↓↓↓

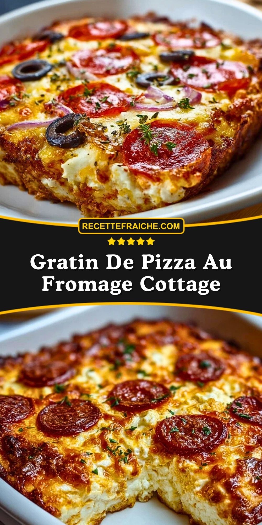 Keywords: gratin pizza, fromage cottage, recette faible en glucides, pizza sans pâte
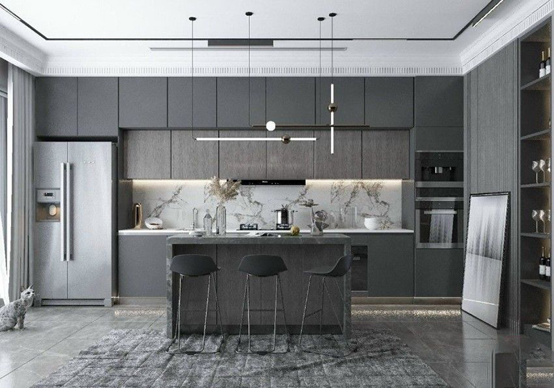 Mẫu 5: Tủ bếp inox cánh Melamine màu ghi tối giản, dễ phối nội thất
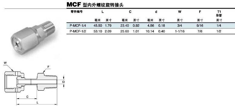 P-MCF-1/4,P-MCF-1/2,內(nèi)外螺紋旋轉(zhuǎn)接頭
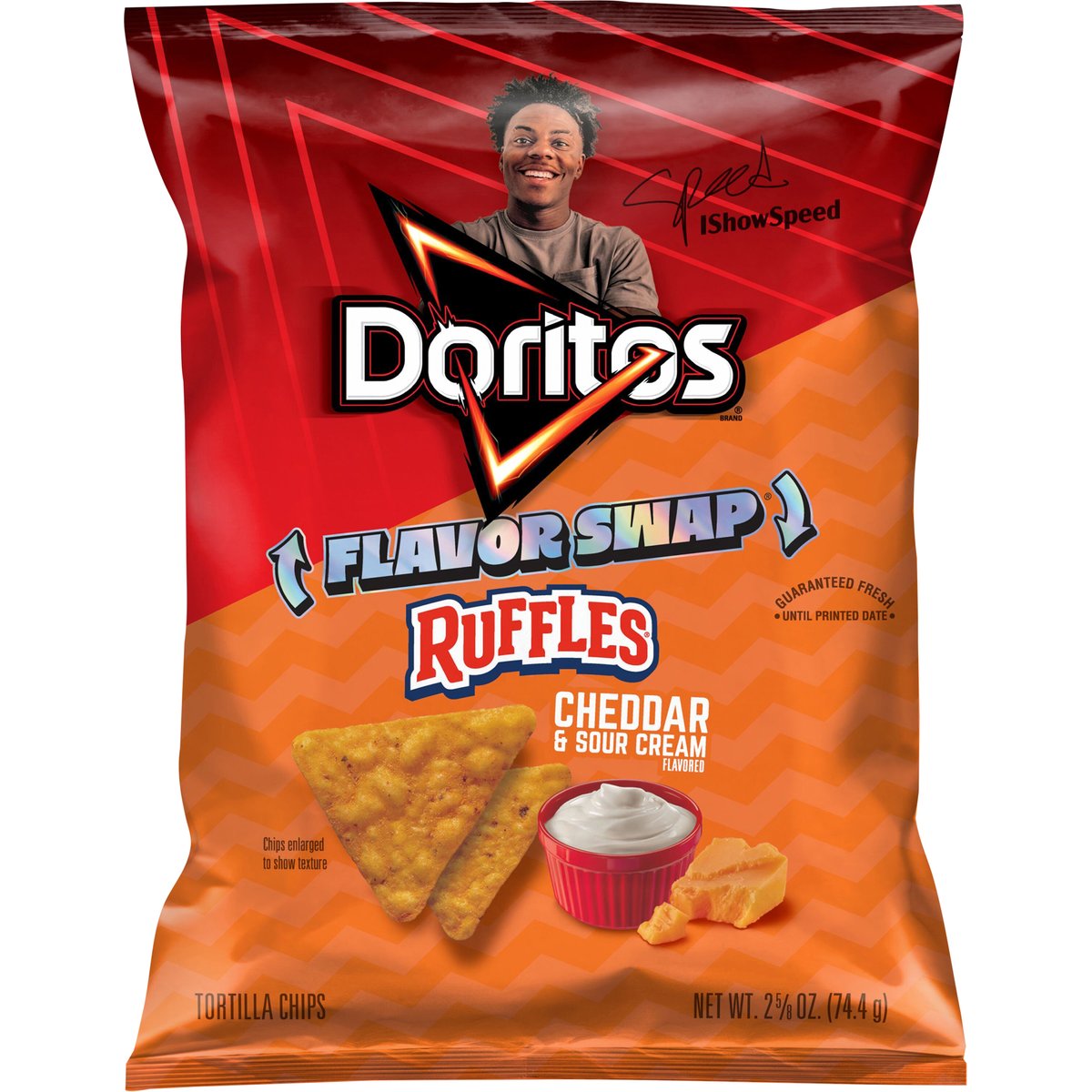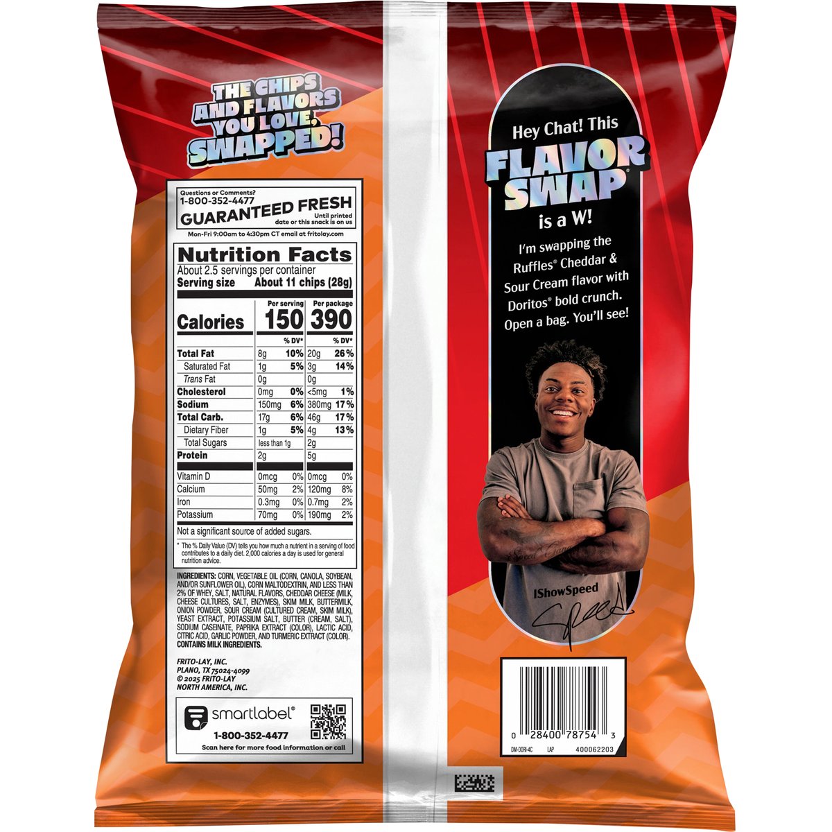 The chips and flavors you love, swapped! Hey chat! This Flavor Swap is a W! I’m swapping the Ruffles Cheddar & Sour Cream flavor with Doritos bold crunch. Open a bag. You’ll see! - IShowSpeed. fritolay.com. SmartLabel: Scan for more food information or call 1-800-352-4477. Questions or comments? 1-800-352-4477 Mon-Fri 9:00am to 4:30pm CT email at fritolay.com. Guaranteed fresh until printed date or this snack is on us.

↑↑↑
↓↓↓

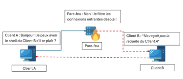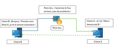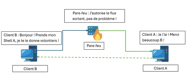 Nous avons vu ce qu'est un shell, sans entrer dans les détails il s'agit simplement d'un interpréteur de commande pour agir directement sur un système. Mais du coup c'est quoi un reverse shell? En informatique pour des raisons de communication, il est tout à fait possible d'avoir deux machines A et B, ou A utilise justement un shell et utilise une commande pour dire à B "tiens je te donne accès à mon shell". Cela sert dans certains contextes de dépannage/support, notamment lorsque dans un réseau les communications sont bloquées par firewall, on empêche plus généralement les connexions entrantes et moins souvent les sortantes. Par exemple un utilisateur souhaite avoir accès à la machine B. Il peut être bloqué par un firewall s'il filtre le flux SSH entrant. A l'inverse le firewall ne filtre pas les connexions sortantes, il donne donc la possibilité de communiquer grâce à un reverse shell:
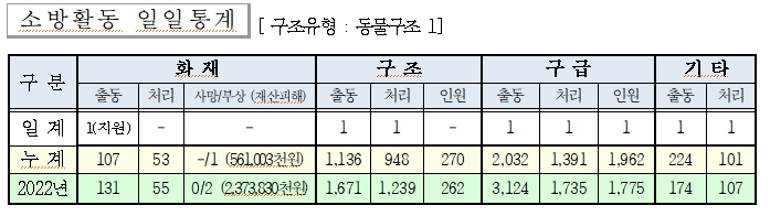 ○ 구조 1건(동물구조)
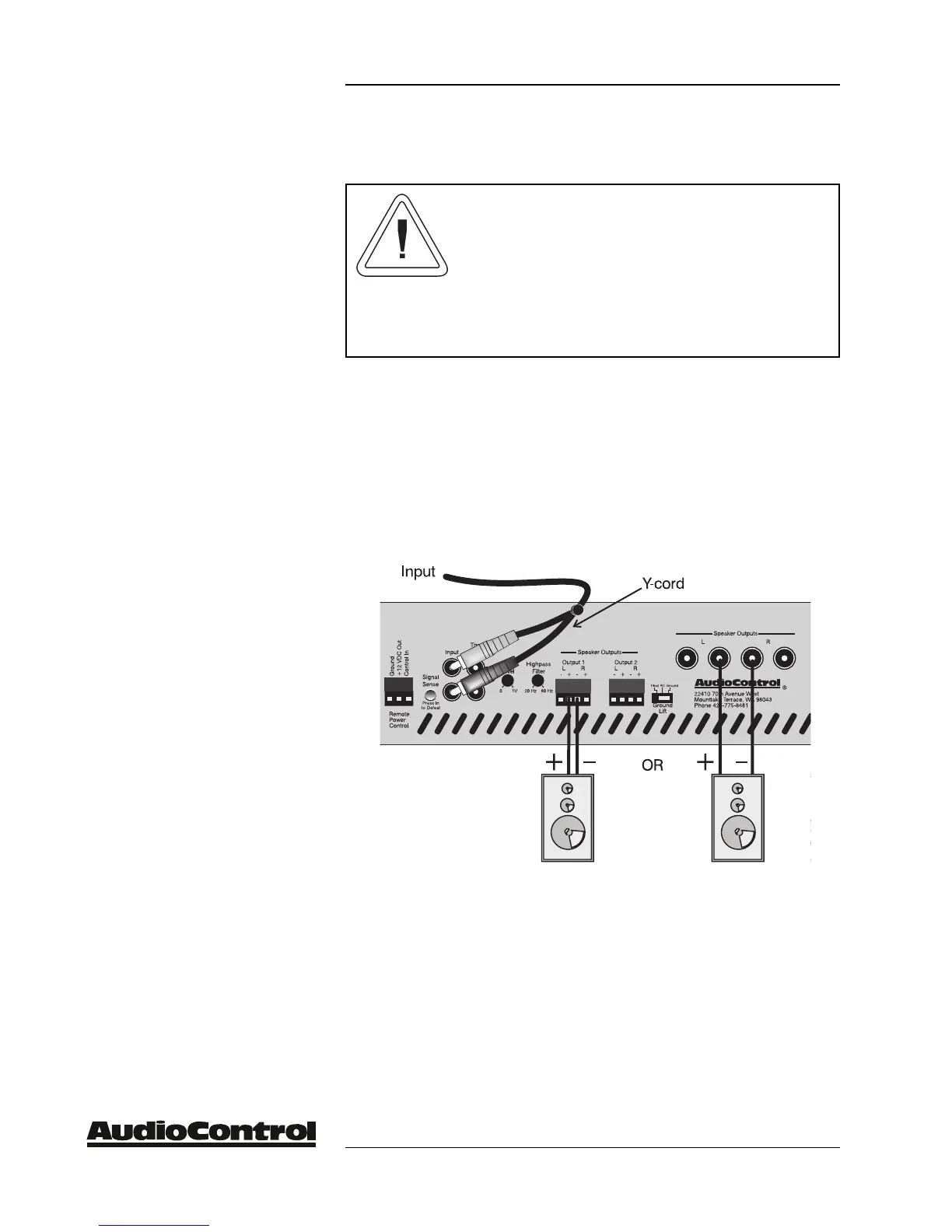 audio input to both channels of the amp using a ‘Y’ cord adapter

↑↑↑

» Task
Above, find the line with "Mẫu 5: Tủ bếp"; copy it and every line down to the line with "The chips and", exactly and both included, but no pictures.

» Exercise response
 Mẫu 5: Tủ bếp inox cánh Melamine màu ghi tối giản, dễ phối nội thất
 P-MCF-1/4,P-MCF-1/2,內(nèi)外螺紋旋轉(zhuǎn)接頭
 The chips and flavors you love, swapped! Hey chat! This Flavor Swap is a W! I’m swapping the Ruffles Cheddar & Sour Cream flavor with Doritos bold crunch. Open a bag. You’ll see! - IShowSpeed. fritolay.com. SmartLabel: Scan for more food information or call 1-800-352-4477. Questions or comments? 1-800-352-4477 Mon-Fri 9:00am to 4:30pm CT email at fritolay.com. Guaranteed fresh until printed date or this snack is on us.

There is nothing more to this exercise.